Corn’s comment about religious exclusivity stays in my Jewish atheist mind as I read about mourning for the Pontiff in the Philippines, Brazil, Cuba, all over. Catholic expansionism’s damaging role in world history makes all those media images of multiracial cardinals remind me not of Christ-like goodliness but of imperialist success.

That’s pretty much the same feeling I get when I ponder the Muslim expansion from Arabia and current efforts to install Islamic states everywhere.

And the same feeling I get when I read about Jewish claims to the Temple Mount and all of Greater Israel, including the planned effort this coming Sunday by right-wing Jews to take over the Temple Mount and maybe to attack the two mosques sitting above Jerusalem’s Western (Wailing) Wall. The goal is to spark a massive Arab response that would end the Gaza pullout and any other efforts toward de-escalation. Leveling the mosques, of course, is advocated by those who want to rebuild Solomon’s Temple. Like God wants, I suppose.

As I’ve discussed before, the three Abrahamic religions seem to me particularly problematic on the tolerance front.

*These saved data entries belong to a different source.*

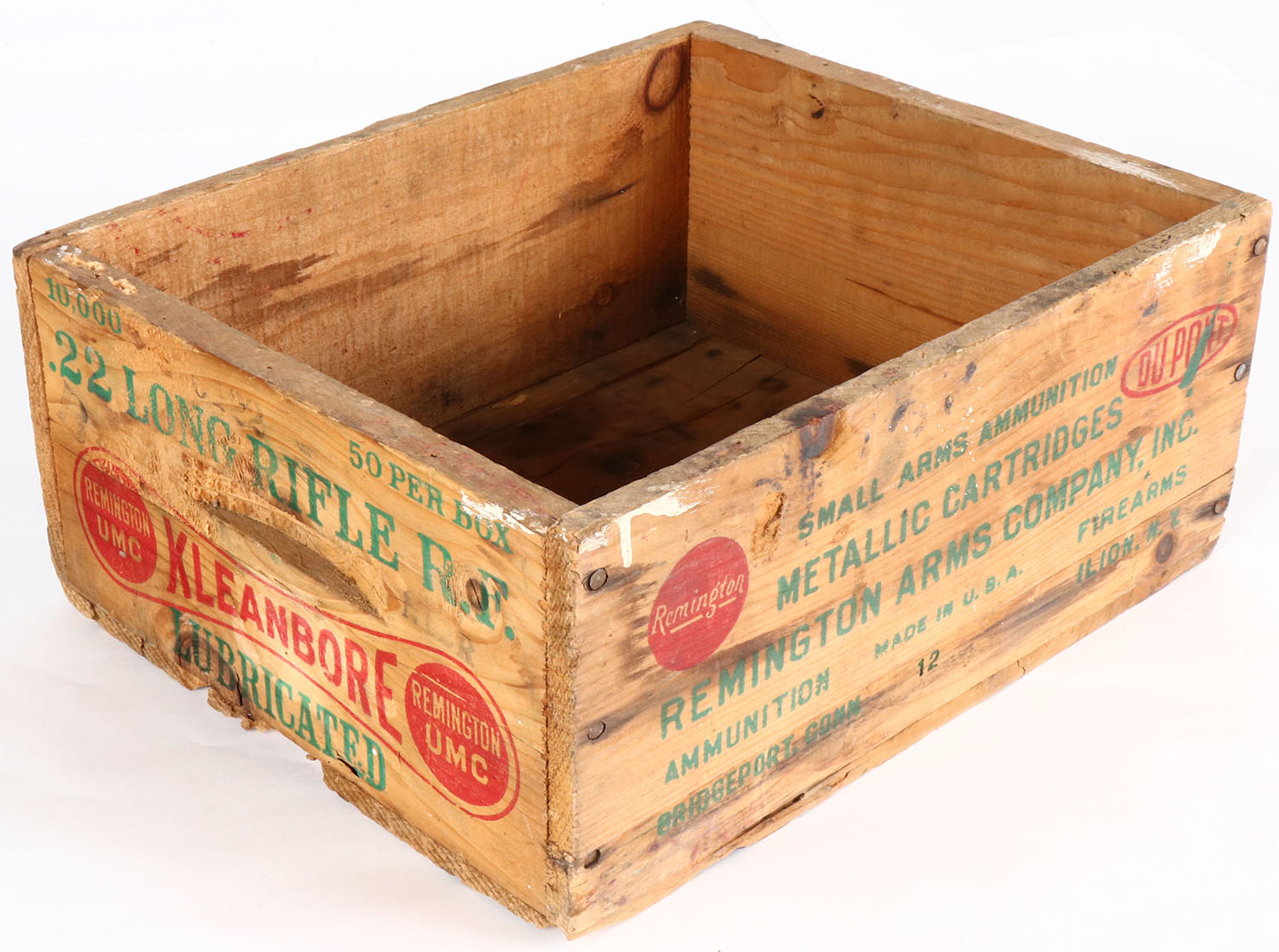 Remington Kleanbore Long Rifle, nail construction, red, & green print and crate is solid with some age soiling. Grade: Very Good ++ - Value: 10 to 50
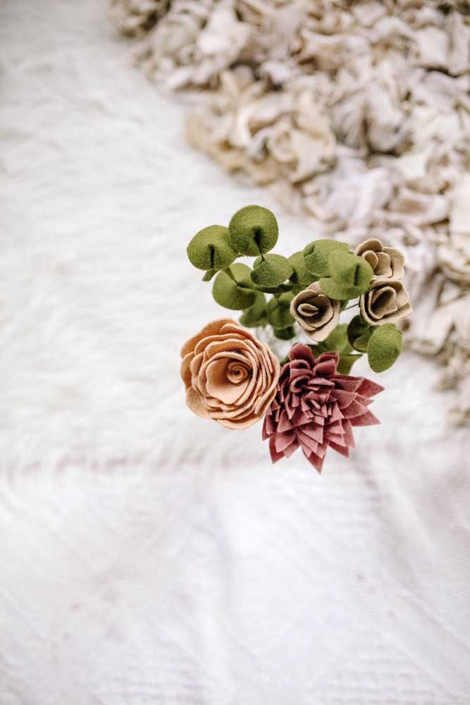 Imagem 48 – Imagina casar com um buquê de flores de feltro? Super diferente e criativo!
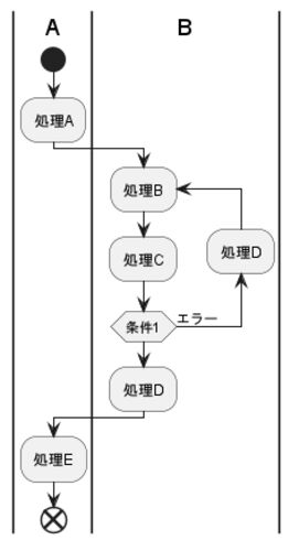 アクティビティ図で書く業務フローは、repeate 、while を書く時にレーンを書く時に気をつけないと 崩れてしまう。 片側のレーンだけに寄せた描画の例 repeat @startuml |A| start :処理A; |B| repeat:処理B; :処理C; backward :処理D; repeat while(条件1) …
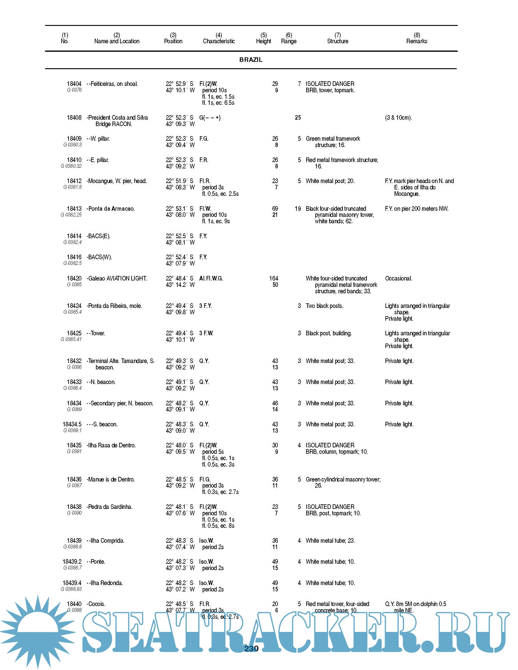 Description: The List of Lights, Radio Aids and Fog Signals is published in seven volumes, as Publication nmbers 110 through 116. Each volume contains lights and other aids to navigation that are maintained by or under the authority of foreign governments.
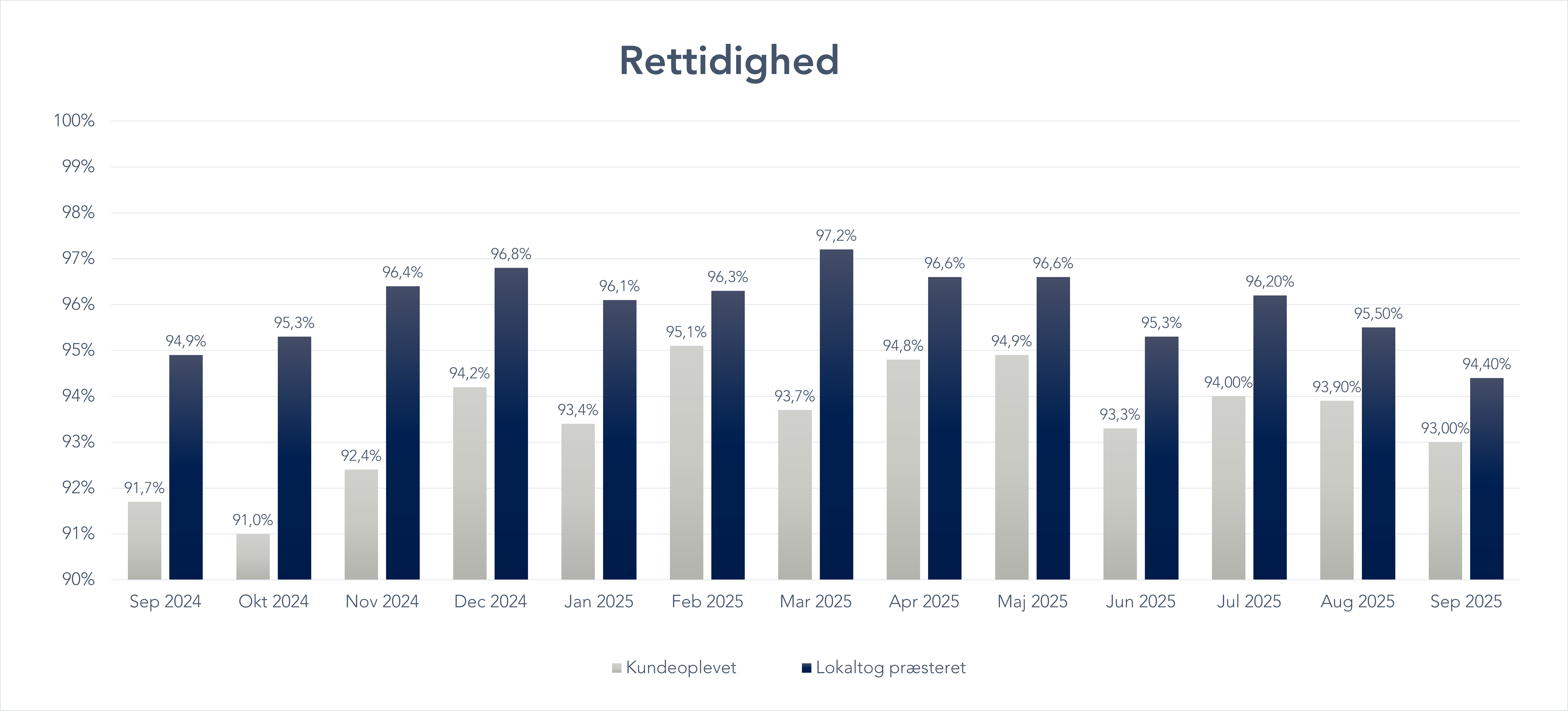 - Lokaltogs egne resultater: Her ser vi kun på forhold, vi selv kan kontrollere – som vores tog, medarbejdere, køreplaner og vores egen infrastruktur. Forsinkelser, der skyldes eksterne faktorer som vejrforhold eller fejl på Banedanmarks infrastruktur, tæller ikke med i disse tal.

That’s true even when they move from hostility to cooperation. Last week’s three-religion press conference in Jerusalem opposing this August’s international Gay Pride Festival was notable for the confluence of interests among each religion’s more fundamentalist branches. It reminds me of a comment by Saleem Tamari that I described last January during my visit to Ramallah. The Palestinian politician said that what worried some Israeli negotiators at Taba a few years ago was not so much the number of Palestinians who might move to Israel if granted the right to return — all agreed the numbers would not be as massive as some assume — but by the fact that most returnees would be religious. The Israelis worried that the new Islamic political parties would form a coalition with Jewish religious parties and strengthen religious control over Israel’s current majority of secular Jews.

That prospect strikes some as far-fetched, but last week’s meeting of the fundamentalist minds makes me wonder.